* **What you will do**
Within the listing below, give again exactly the lines between the one containing "Приготування: Наріж свинину" and the one containing "Tall 8 sticks", inclusive, pictures left aside.

* **Data supplied**
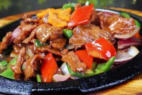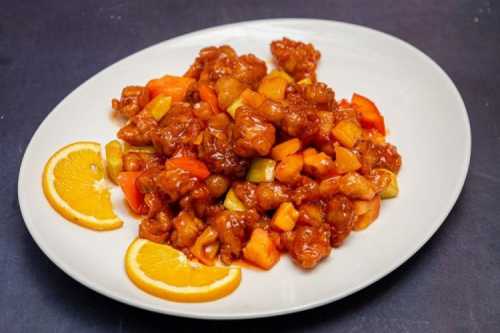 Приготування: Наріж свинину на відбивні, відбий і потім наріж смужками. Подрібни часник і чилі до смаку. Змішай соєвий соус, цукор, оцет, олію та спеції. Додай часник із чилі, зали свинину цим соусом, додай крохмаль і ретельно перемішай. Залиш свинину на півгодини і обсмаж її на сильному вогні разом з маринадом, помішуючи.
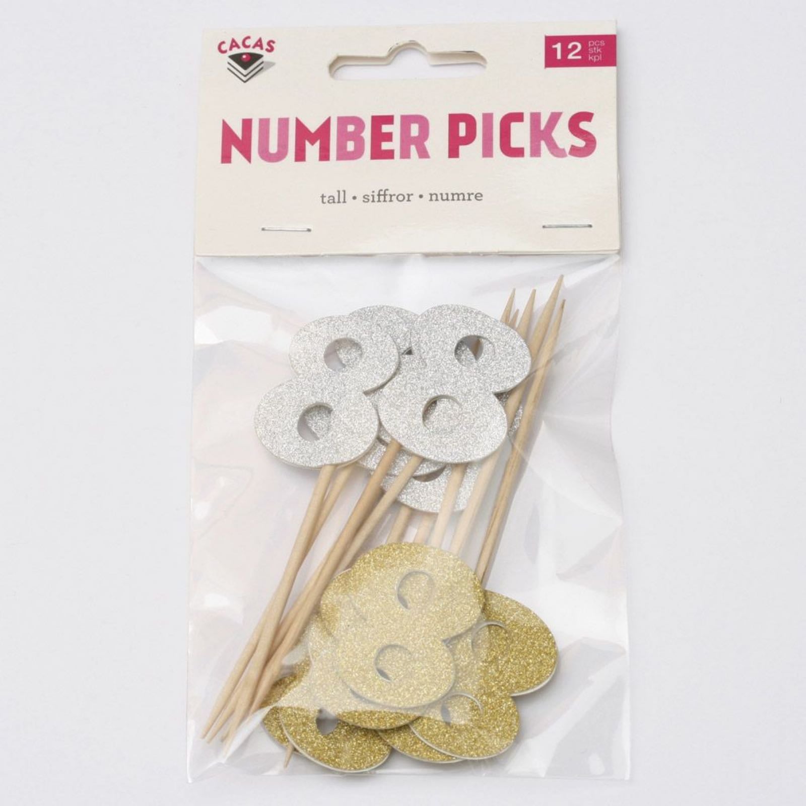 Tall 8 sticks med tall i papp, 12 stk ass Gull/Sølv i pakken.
* * *
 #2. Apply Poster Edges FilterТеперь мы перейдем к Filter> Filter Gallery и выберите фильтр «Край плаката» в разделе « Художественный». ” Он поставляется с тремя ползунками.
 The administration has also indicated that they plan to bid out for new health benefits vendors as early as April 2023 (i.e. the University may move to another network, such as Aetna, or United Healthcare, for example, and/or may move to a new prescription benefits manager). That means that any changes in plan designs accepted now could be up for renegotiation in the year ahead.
* * *
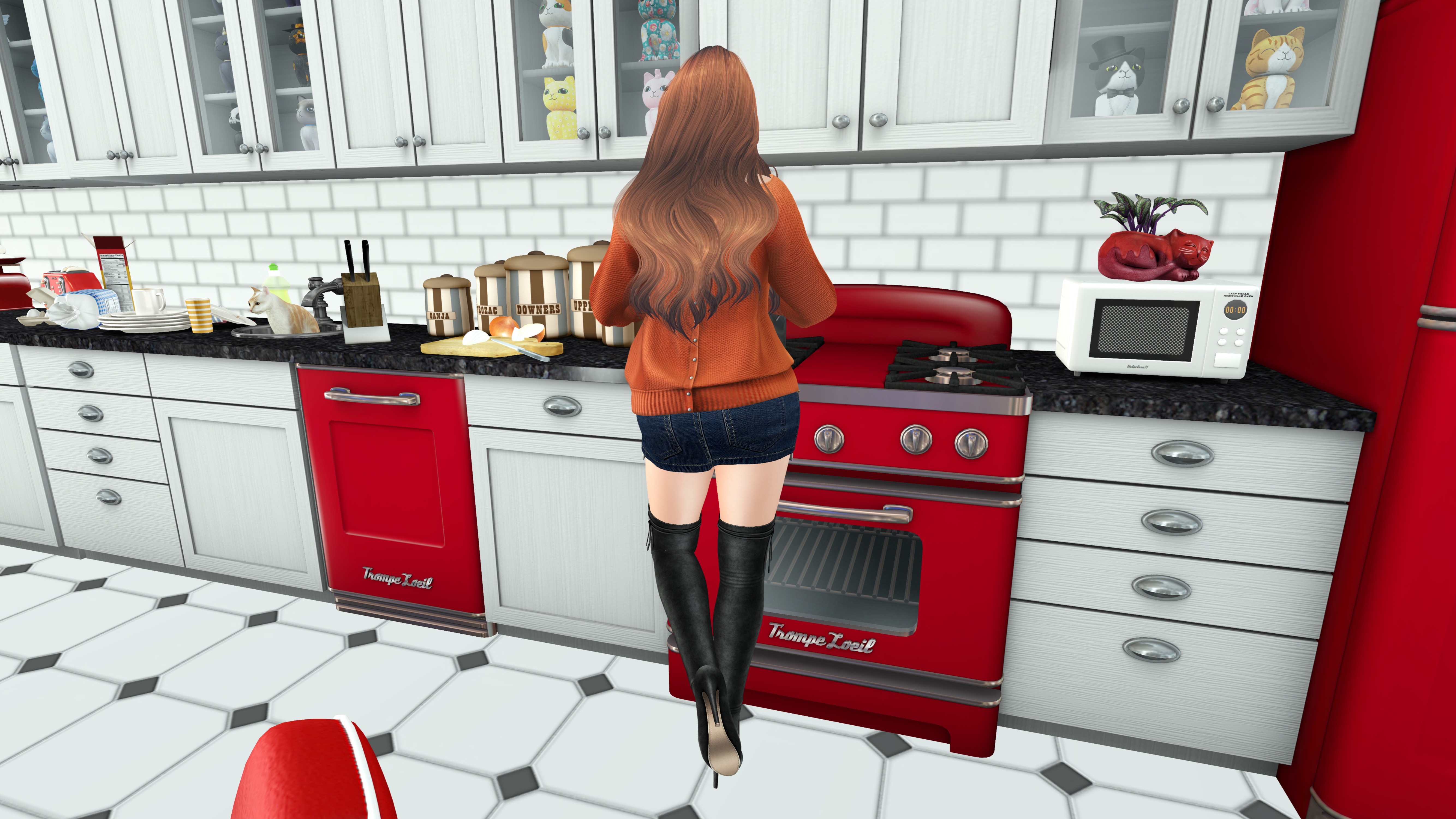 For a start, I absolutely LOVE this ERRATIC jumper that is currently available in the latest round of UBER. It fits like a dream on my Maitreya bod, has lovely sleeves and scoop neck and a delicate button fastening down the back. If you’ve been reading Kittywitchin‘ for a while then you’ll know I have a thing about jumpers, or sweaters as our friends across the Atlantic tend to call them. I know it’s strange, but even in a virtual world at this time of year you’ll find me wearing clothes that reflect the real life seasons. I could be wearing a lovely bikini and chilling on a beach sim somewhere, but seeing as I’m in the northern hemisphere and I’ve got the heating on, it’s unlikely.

* **Result**
 Приготування: Наріж свинину на відбивні, відбий і потім наріж смужками. Подрібни часник і чилі до смаку. Змішай соєвий соус, цукор, оцет, олію та спеції. Додай часник із чилі, зали свинину цим соусом, додай крохмаль і ретельно перемішай. Залиш свинину на півгодини і обсмаж її на сильному вогні разом з маринадом, помішуючи.
 Tall 8 sticks med tall i papp, 12 stk ass Gull/Sølv i pakken.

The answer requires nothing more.